At present, slightly more than 50 percent of plastic bottles used in the UK are recycled, compared to almost all (97 percent) in Norway. Of the 35.8 million plastic bottles that are used every day in the UK, 16 million are not recycled for various reasons. This means that Britain faces a crisis, due to the excessive buildup of waste plastic.
A recent visit to Norway by government advisors investigated that country’s recycling scheme, which is led by the drinks manufacturing industry. This has been successful in increasing the levels of plastic recycling to 97 percent, and it is thought to be likely that Britain could adopt a similar system.
The problem of plastic waste in the UK has grown worse since China stopped taking foreign waste earlier in the year. Prior to this, China had accepted around 500,000 tons of waste plastic each year from the UK.
Norway’s method of promoting plastic recycling appears to be highly cost-effective and simple. It works in a similar way to the old bottle deposit systems for glass bottles that were used throughout Europe in the past. This system was discontinued by many countries as glass bottles were increasingly replaced by plastic, but Norway transferred the deposit system to the new plastic bottles.

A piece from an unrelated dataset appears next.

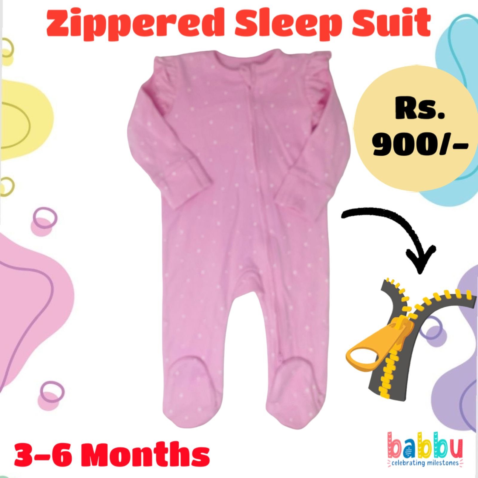 Zipper Sleep suits 3-6 Months – Pink with White Hearts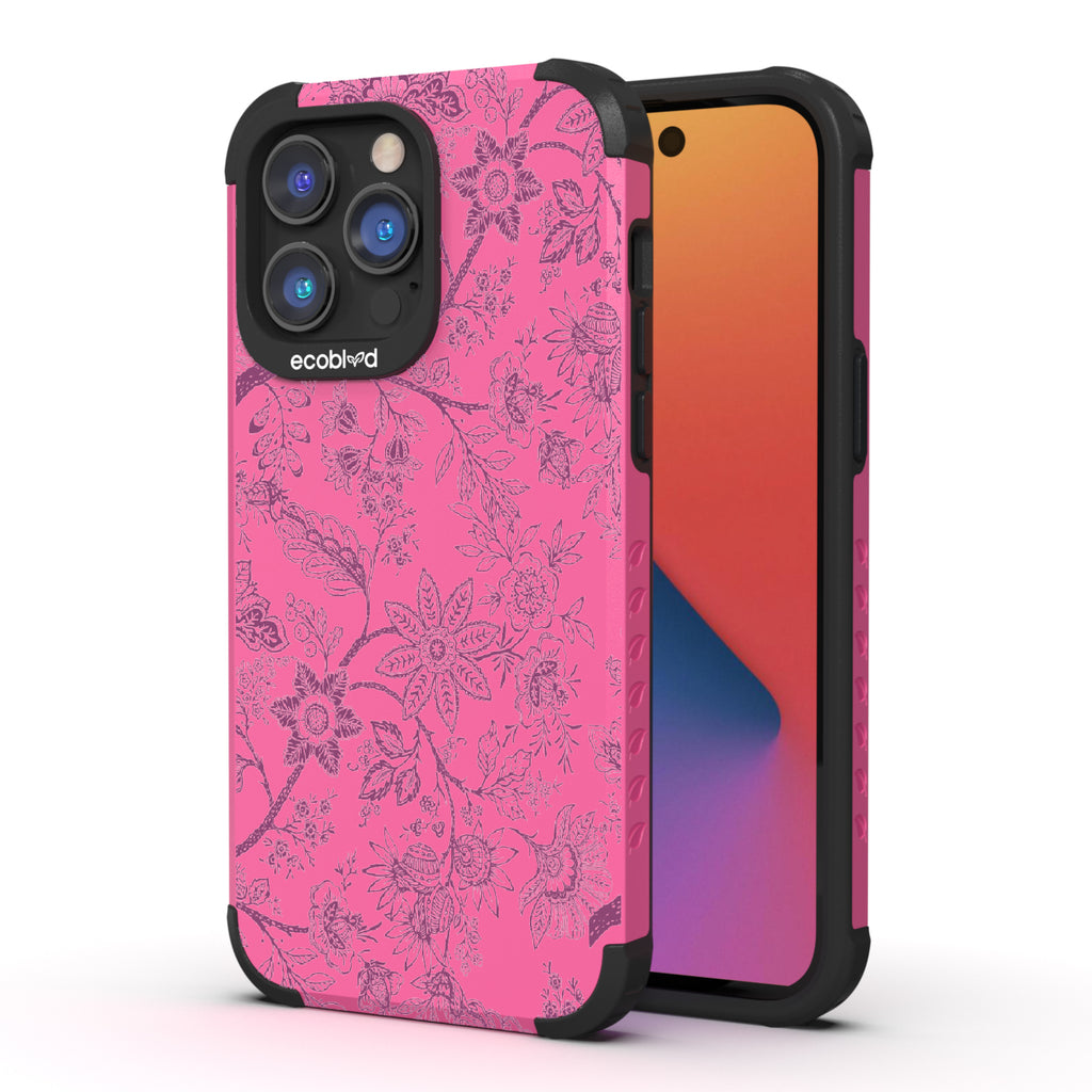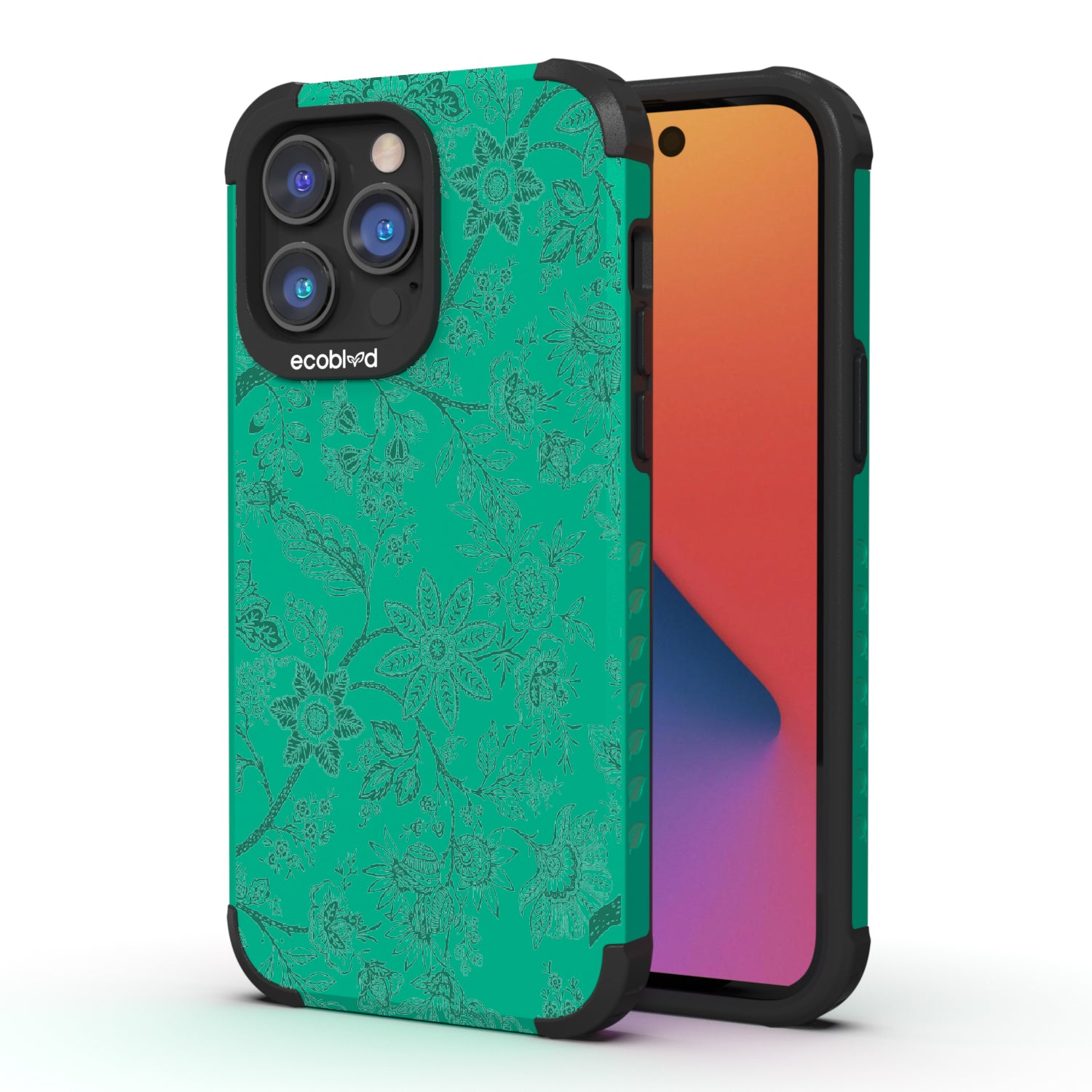 Explore that floral feeling as the Flower Crown design on our Mojave rugged and compostable iPhone 14 Pro case brings out your inner sparkle so you can stand beautiful, fierce, and free with the perfect fashion accessory on your phone full of care-free, hippy style. Available in five lively color options: Midnight Black, Cascade Blue, Foliage Green, Illuminating Yellow, and Wildflower Pink.

The deposit system works as follows. Consumers are charged a small additional amount on each bottle and this deposit is refunded to them when the bottle is returned. Bottles can be returned via a recycling machine or directly to the shop. In Norway, the charge is 1 Norwegian Kroner (9 pence) for a 500ml standard bottle and a 2.5 Norwegian Kroner deposit (23 pence) is charged on larger bottles. Recycling machines are often sited in supermarkets and they work by reading the barcode of the returned bottle. Customers are normally given vouchers in return for recycling the bottles. Shops that accept the bottles for recycling are paid a small handling fee. Funding for the scheme is partly from unclaimed deposits and the manufacturers of the drinks pay the remainder.
The working party from the UK government is expected to cite Norway’s answer to the increasing mountain of plastic waste as an effective solution that could be adopted elsewhere.
It is only in the last sixty to seventy years that the use of modern plastics has become so widespread. Almost all the plastic that has ever been produced is still in existence in some form. A study carried out in 2017 estimated that around seventy percent of this plastic is now totally useless waste that is in either landfill sites or remains in the environment.
The United Nations stated at the end of 2017 that irreparable damage now threatens marine life and that we are experiencing a “planetary crisis”.